A CLINICALLY vulnerable Southport resident has claimed that she will be ‘playing Russian roulette’ with her safety when pandemic restrictions are eased in England.
Rosemary Parker's treatment for pancreatic cancer led to her spleen and part of her pancreas being removed and she also has chronic asthma. She said vulnerable people like her had been abandoned by the government.
The 59-year-old told the BBC that she was ‘waiting for my X-ray spectacles so I know who has been vaccinated.’
The latest government guidance, which has advised those most at risk from Covid-19 to avoid others who are unvaccinated, continue meeting outside where possible and ask friends and family to take lateral flow tests before visiting once all remaining restrictions are eased on Monday.

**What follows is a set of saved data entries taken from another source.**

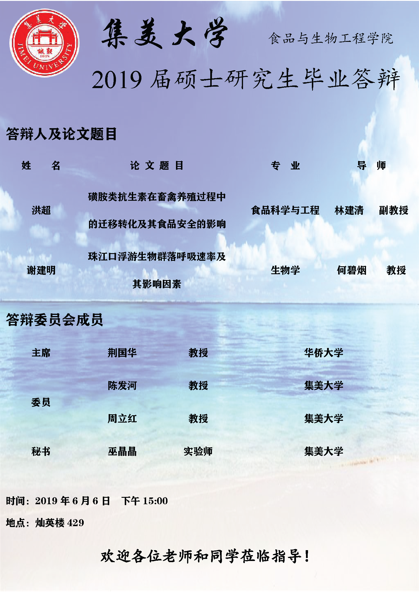 2019届硕士研究生毕业答辩公告(2019.6.6)-2
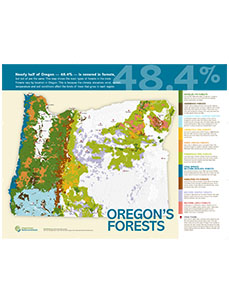 Oregon’s forests are among the most diverse in the world. The colorful 24” by 36” poster includes a map showing the statewide locations where the most common conifer and hardwood tree species are found, plus descriptions of ecological and climatic conditions in which they thrive.
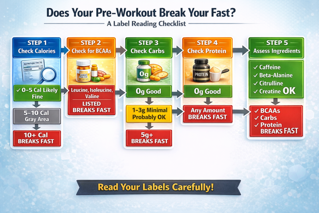 CHECK YOUR PRE-WORKOUT LABEL. NO BCAAS, NO CARBS, 0-5 CALORIES = FASTING-COMPATIBLE. BCAAS OR CARBS = BREAKS FAST. CAFFEINE, BETA-ALANINE, CITRULLINE ARE SAFE.
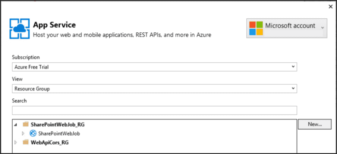 Y en la siguiente ventana seleccione la cuenta a utilizar (probablemente tiene que entrar de nuevo sus credenciales), lo mismo que la suscripción, Grupo de Recursos, etc., y seleccione la Web App que va a contener el WebJob:
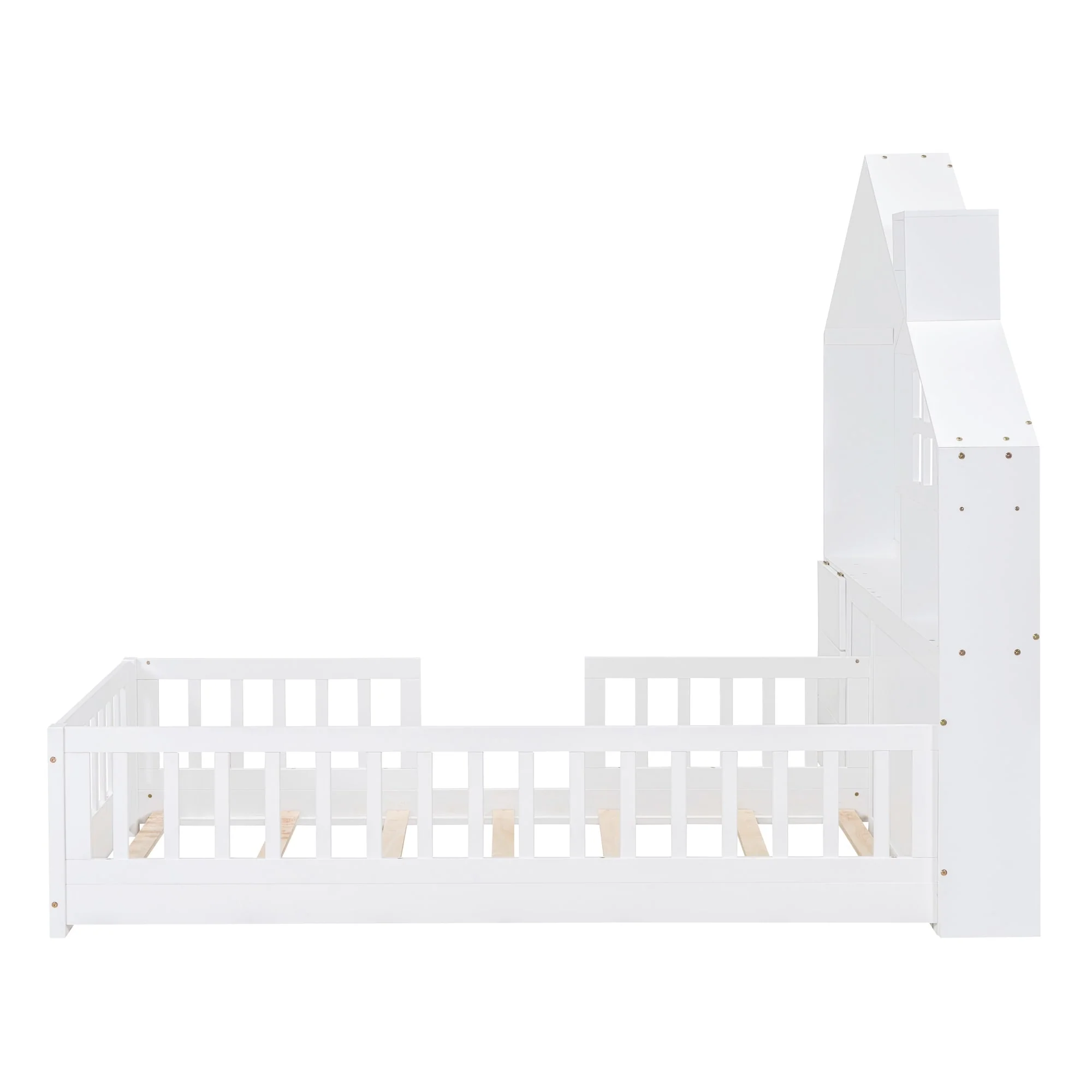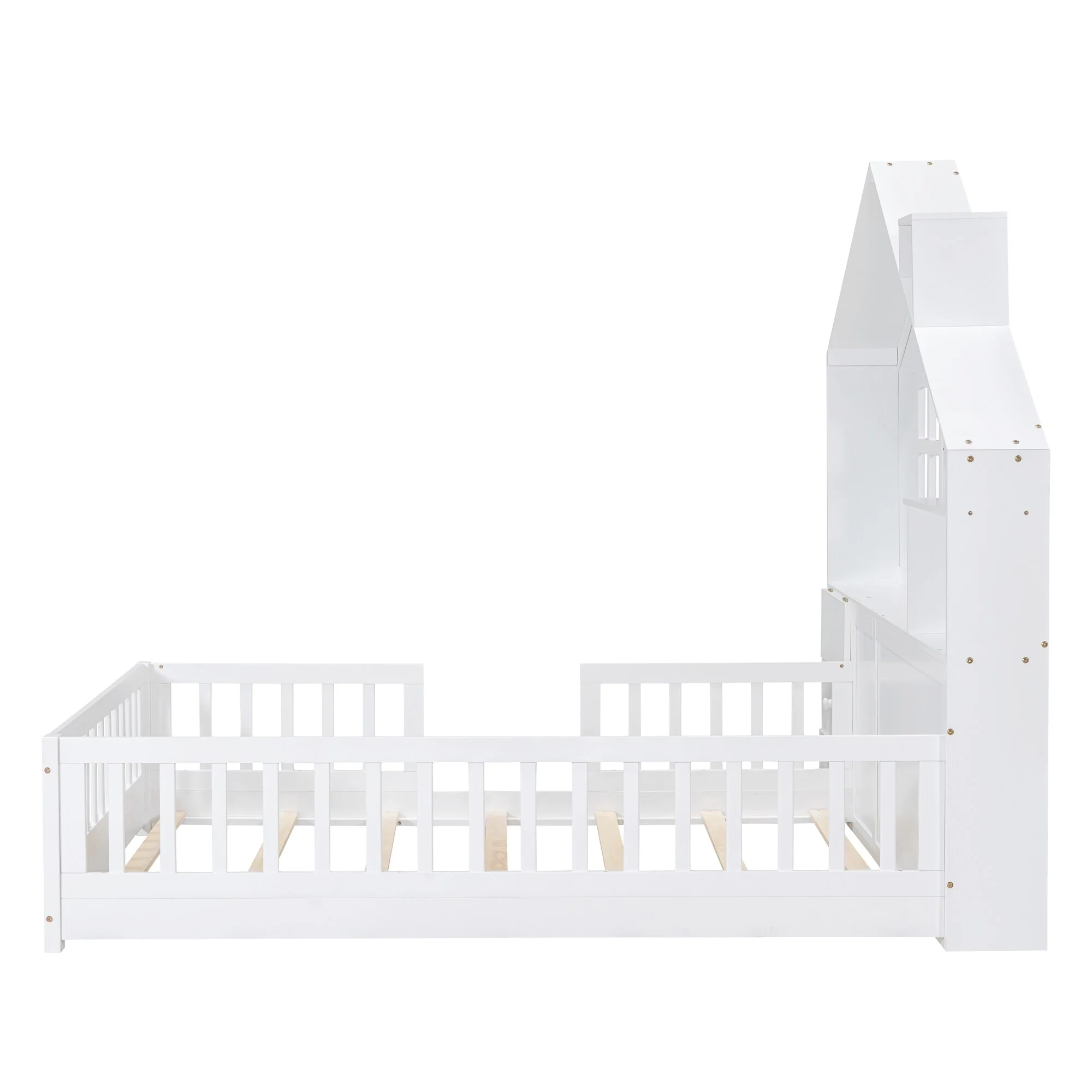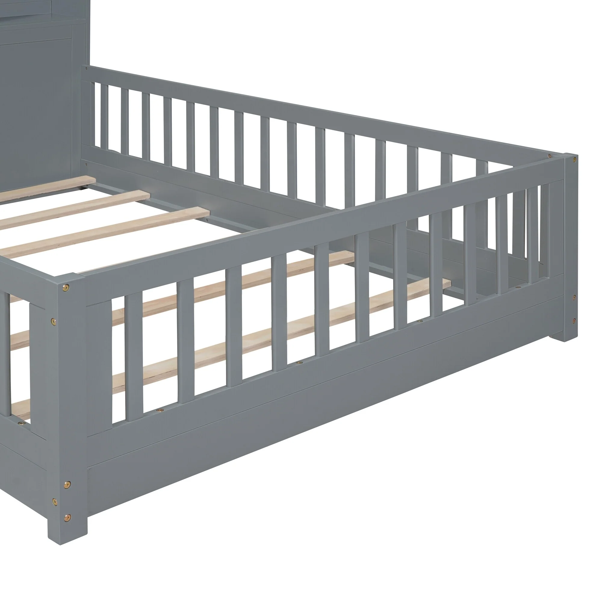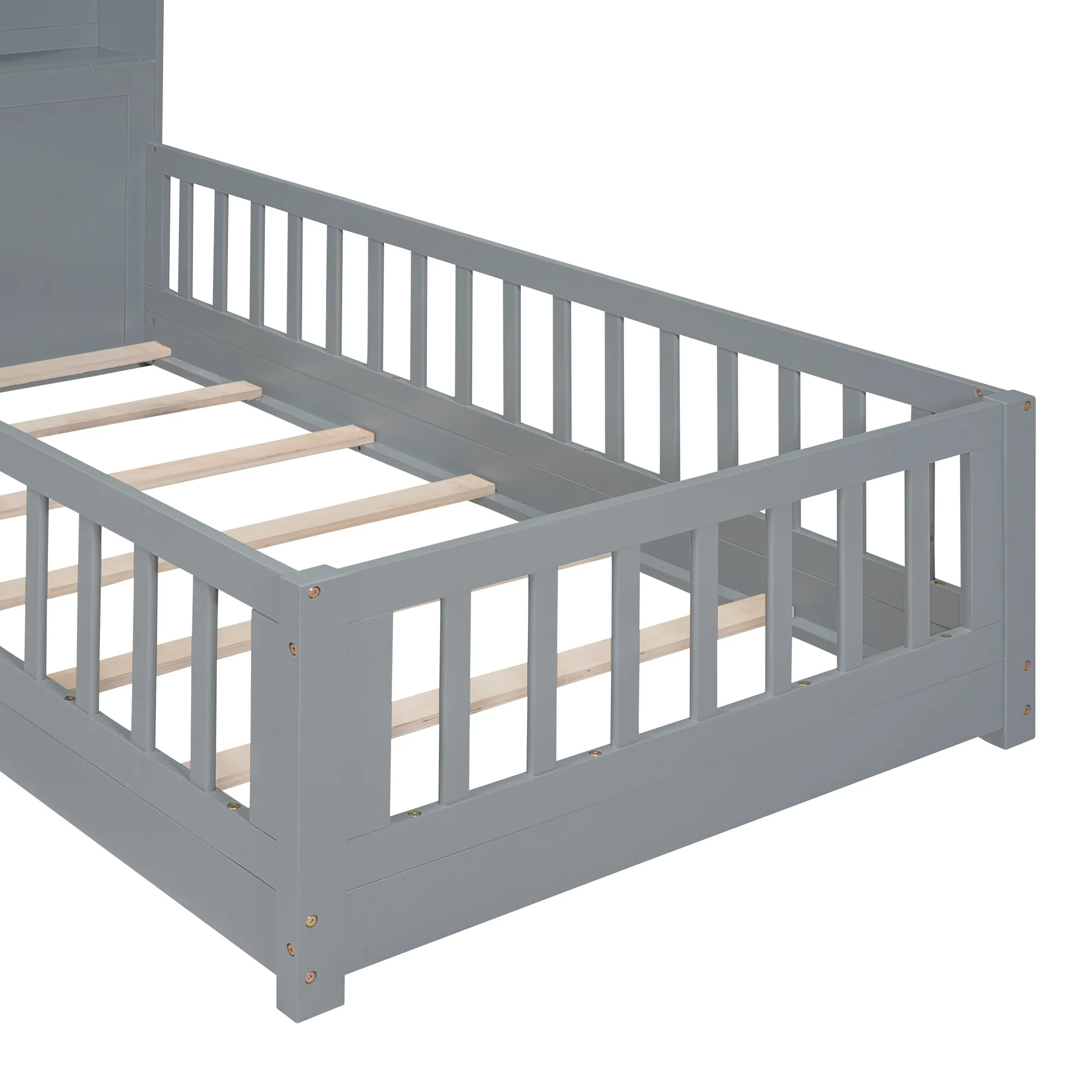 Twin Size Kids Floor Bed with Safety Rails and Removable Door
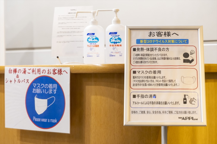 また出入り口やエレベーター乗り場付近などには手指の消毒剤などが設置されているので、積極的に感染防止対策に協力してほしい。

It is estimated about 3.7million people would need to follow the advice, including people with certain cancers and those with severe respiratory conditions.
Ms Parker said the guidance was "what I was expecting" and amounted to "complete abandonment like they have done to us before".
She said: “They put the fear of God in you and say you are extreme risk and now it's just 'there you go, see you, you're on your own now. Every time we go out the door now, we are playing Russian roulette, and it's not just us, anyone can catch it.”
Despite having two vaccines, she will now return to shielding.
The government has previously said if it was to wait any longer than 19 July, the risk of a peak in infections in the summer wave could be pushed to the autumn, which could make things worse with increased impact of flu and other viruses circulating.